Cross-Talk Between Angiotensin II Receptor Types 1 and 2
Potential Role in Vascular Remodeling in Humans
Angiotensin (Ang) II exerts its important physiological functions through 2 distinct receptor subtypes, the type 1 (AT1) and type 2 (AT2) receptors.1 The AT1 receptor is expressed in diverse adult tissues, and its distribution is indicative of the fundamental role of Ang II on the regulation of cardiovascular and renal homeostasis. The predominant actions of Ang II, such as vasoconstriction, cellular proliferation and growth, renal sodium retention, and release of aldosterone, are linked to the activation of various signal-transduction pathways modulated by the AT1 receptor. Although the AT2 receptor is highly expressed in the fetus, its expression in adult tissues is low but increases in response to injury.2–5
It has been demonstrated that AT1 and AT2 receptors have counterregulatory interactions in the cardiovascular system.2 The AT2 receptor has been shown to exert an inhibitory effect on the growth-promoting action of the AT1 receptor.6 The cross-talk between AT1 and AT2 receptors has also been suggested to participate in the regulation of blood pressure. Ang II binding to the AT1 receptor activates G protein-coupled phospholipase C and inositol-1,4,5-triphosphate, which increases intracellular Ca2+ levels resulting in vasoconstriction. On the other hand, Ang II binding to the AT2 receptor activates a counterregulatory pathway to induce vasorelaxation via activation of the kinin/NO/cGMP system.4,5 Indeed, it has been demonstrated that stimulation of the AT2 receptor induces vasorelaxation in mesenteric, uterine, renal, coronary, and cerebral resistance vessels, as well as in large conduit vessels.3–5 AT2 receptor null mice manifest slightly higher blood pressures at baseline than wild-type mice and enhanced acute blood pressure responses to low-dose Ang II infusion.7 In mice overexpressing AT2 receptors, the pressor response to Ang II infusion is significantly attenuated but is restored after blockade of AT2 receptors and/or blockade of NO synthase.8 Based on these studies, it has been proposed that AT2 receptor-mediated vasorelaxation may partly counteract AT1 receptor-mediated vasoconstriction and thereby contribute to the antihypertensive and/or vasoprotective effects of AT1 receptor blockers.

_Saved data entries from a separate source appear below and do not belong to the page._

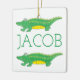 Ornament features an original marker illustration of a green and yellow alligator or crocodile. Just personalize with your information.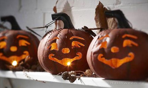 Берем подходящую тыкву и отрезаем аккуратно верхушку. С помощью большой ложки выскабливаем все содержимое из тыквы. Затем рисуем маркером или простой ручкой элементы лица на тыкве и вырезаем их ножом. Таким образом, создаем зловещую рожицу. После этих процедур устанавливаем внутри тыквы небольшую свечку, поджигаем ее и закрываем крышкой саму тыкву. Включайте свою фантазию и создавайте, таким образом, красивые и оригинальные украшения для праздника.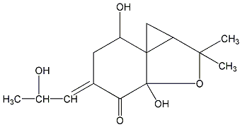 77.50 | C00016459 | Papyracon C Papyracone C [1aR-[1aalpha,3abeta,5E(R*),7a,7aS*]]-Tetrahydro-3a,7-dihydroxy-5-(2-hydroxypropylidene)-2,2-dimethyl-1H,5H-cyclopropa[c]benzofuran-4(3aH)-one |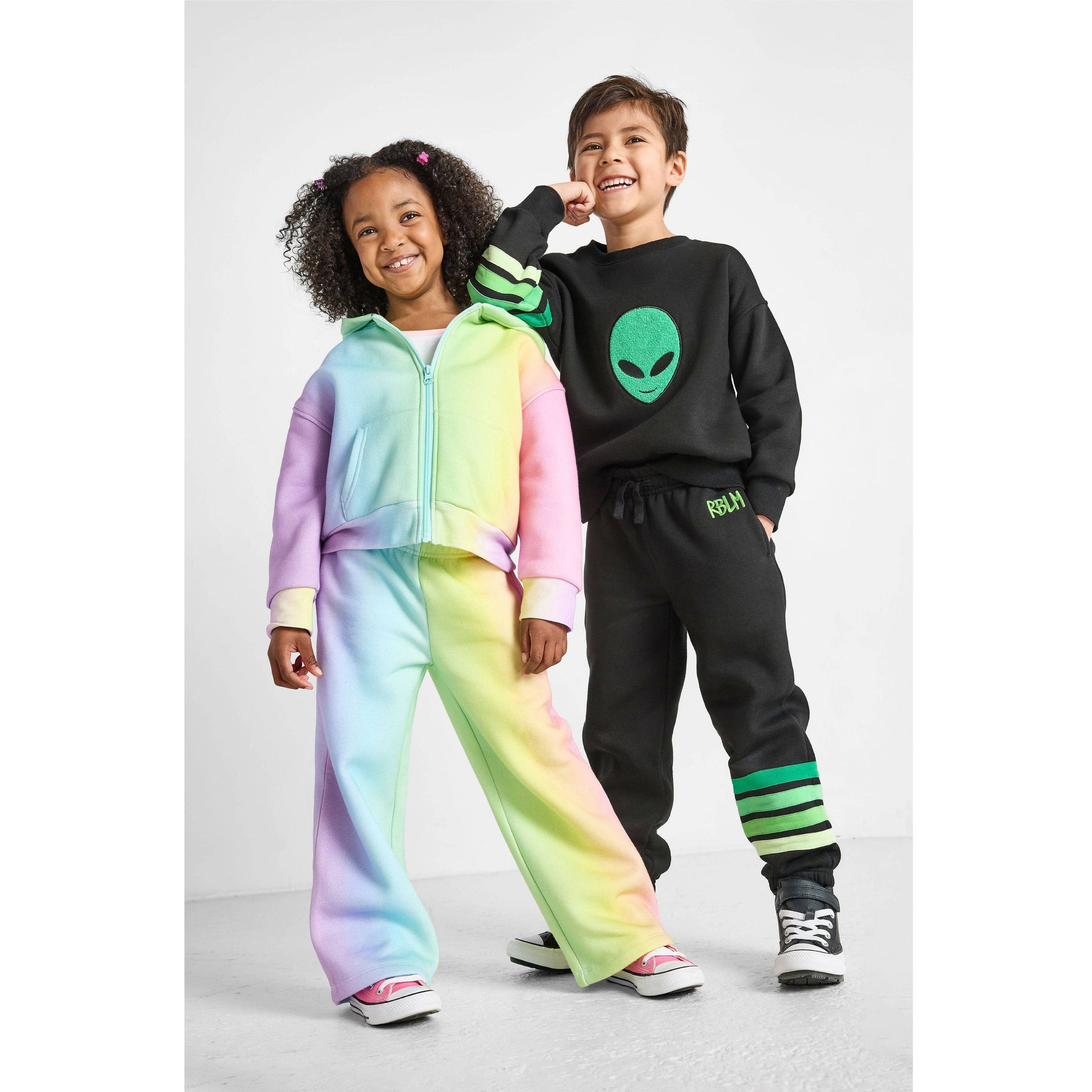 Our Rainbow Wide-Leg Joggers will brighten the dreariest day! Your ray of sunshine will look ultra trendy while feeling comfy in this plush brushed jersey fleece fabric. The most spectrum-tacular part? It’s made with organic cotton, and polyester made from recycled plastic bottles to help keep our planet clean and green. Create a complete outfit with our Rainbow Zip-Up Hoodie and Heart Knotted Baseball Tee.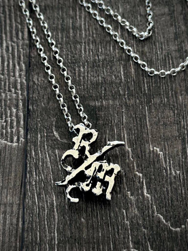 表面にはR/Mのロゴをあしらい、裏面のチェーンを通す部分は旧約聖書の創世記 "ノアの箱舟" に登場する鳩が運んできた希望の枝をモチーフとしている。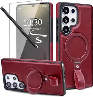 for Galaxy S23 Ultra Case Leather with Stand Anti-Slip Shockproof Loop Compatible with MagSafe Magnetic Protective Galaxy S23 Ultra Leather Case (Burgundy S23 Ultra-6.8inch)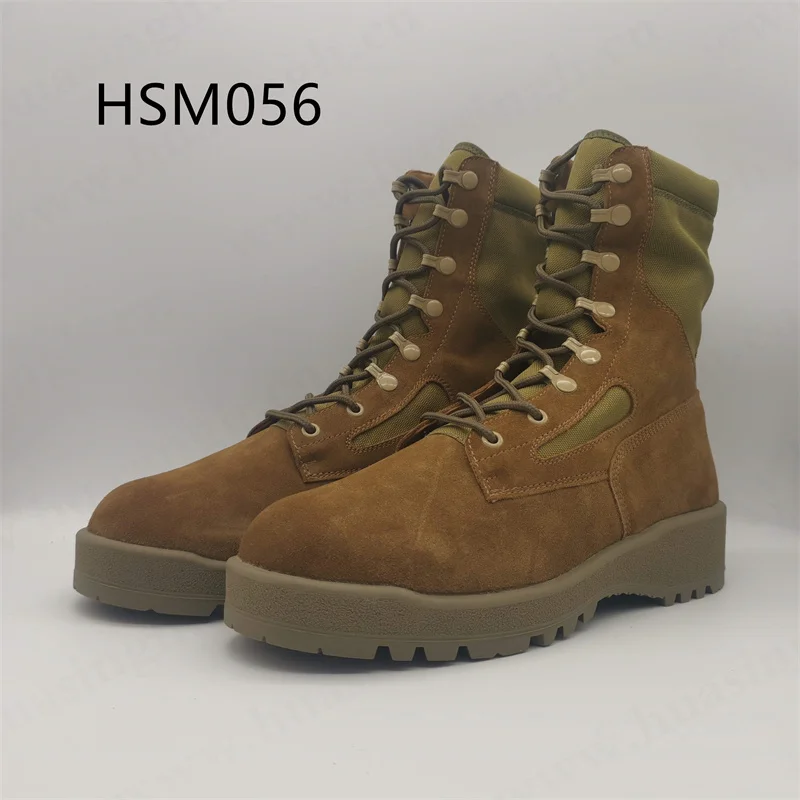 dark Coyote Color Suede Leather Combat Boots with Waterproof Sock Elastic Outsole Belleville Training Tactical Boots HSM056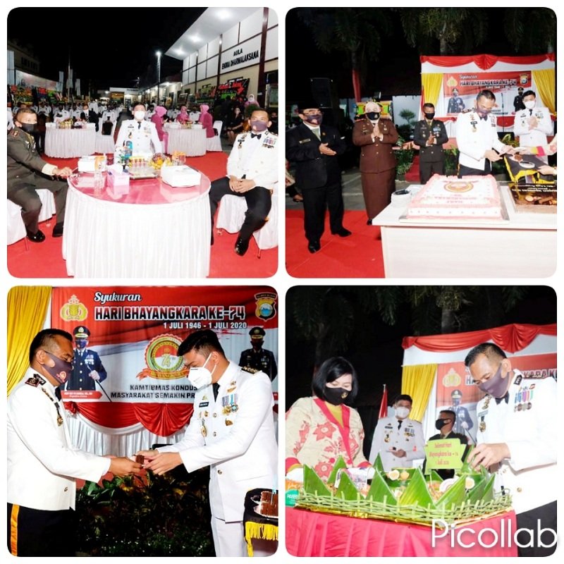 Tampak terlihat acara syukuran peringatan Hari Bhayangkara ke-74 dikemas sangat sederhana dan mengedepankan protokol kesehatan.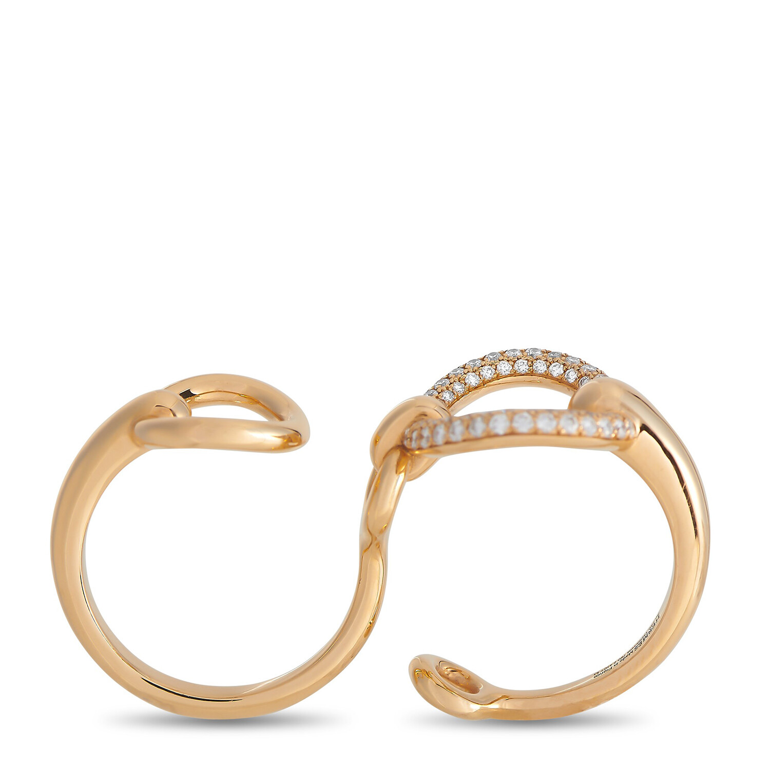Hermes // Filet d'Or 18K Rose Gold Diamond Double Ring // Ring Size: 6 // Estate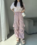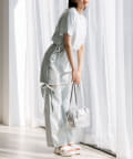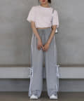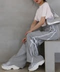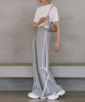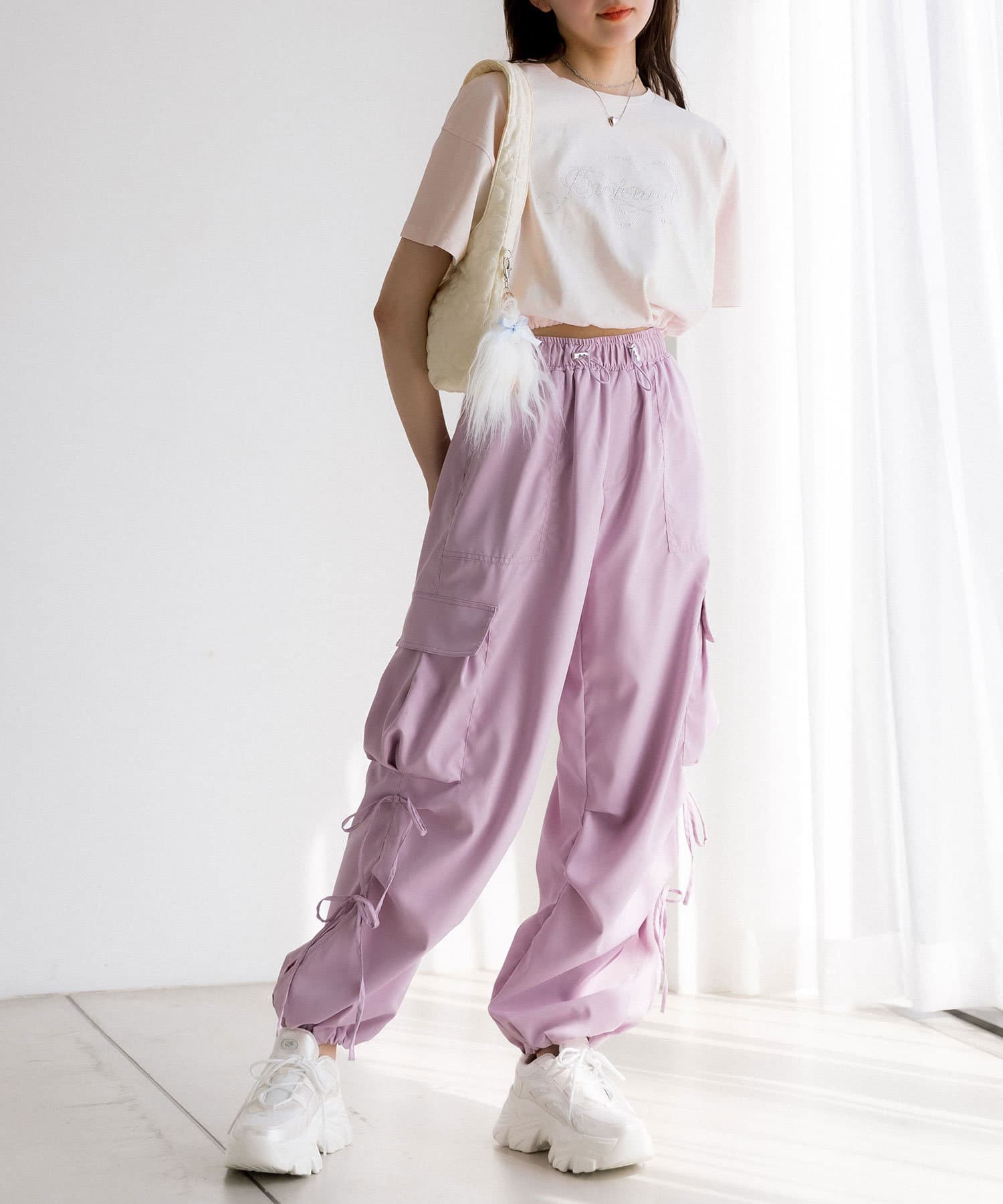 ・トレンドのラインパンツやカーゴパンツで合わせるのがおすすめ。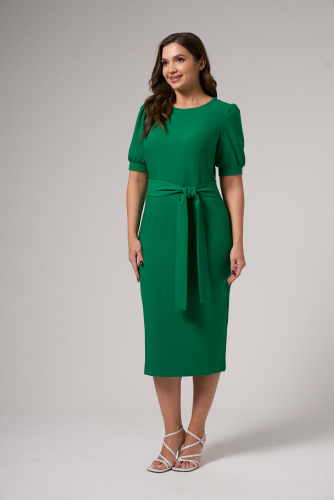 Строгое женское платье станет вашим помощником в формировании стильных образов. Трикотажное платье ниже колен прекрасно садится по фигуре, а благодаря объемному поясу-банту подчеркивает линию талии. Приятный к телу трикотаж не деформируется после стирки, быстро высыхает, не парит, обеспечивая комфорт даже в жаркую погоду. Объемные рукава отлично украшают облегающее платье и придаю ему романтичную ноту. Платье длины миди будет уместно на деловой встрече, торжественном мероприятии, на свидании, Дне Рождения, встрече с подружками. Оно хорошо сочетается с обувью на каблуке и аксессуарами благородных расцветок. Вы можете купить черное женское платье 42 и 44-50 размеров.

Recent studies suggest that the upregulation of AT2 receptor expression and associated vasorelaxation may play an important role in vascular remodeling. Consistent with this notion, the study by Savoia et al9 in this issue of Hypertension provides exciting data demonstrating that small peripheral resistance arteries from hypertensive diabetic patients receiving long-term treatment with the AT1 receptor blocker valsartan exhibited enhanced AT2 receptor expression. This effect may be independent of blood pressure reduction, because AT2 receptor expression was not changed in the atenolol-treated patients with similar blood pressure control.
Savoia et al9 demonstrated that, in human resistance vessels, AT2 receptors are not only present but functional. Indeed, AT2 receptor activation was unmasked in resistance vessels of valsartan-treated patients in which, when AT1 receptors were blocked, exogenous Ang II-induced vasorelaxation was blunted by the AT2 receptor blocker PD123319. However, in the resistance vessels from these AT1 receptor blocker-treated patients, the Ang II-mediated vasorelaxation was only 7.5%. This modest vasodilatory effect suggests that the role of the AT2 receptor in reducing blood pressure may be minimal, if at all. In the patients studied by Savoia et al,9 upregulation of AT2 receptors in the setting of AT1 receptor blockade was associated with an improvement in resistance artery remodeling that was independent of blood pressure effects. Thus, these results suggest that the AT2 receptor may play a significant role in vascular remodeling.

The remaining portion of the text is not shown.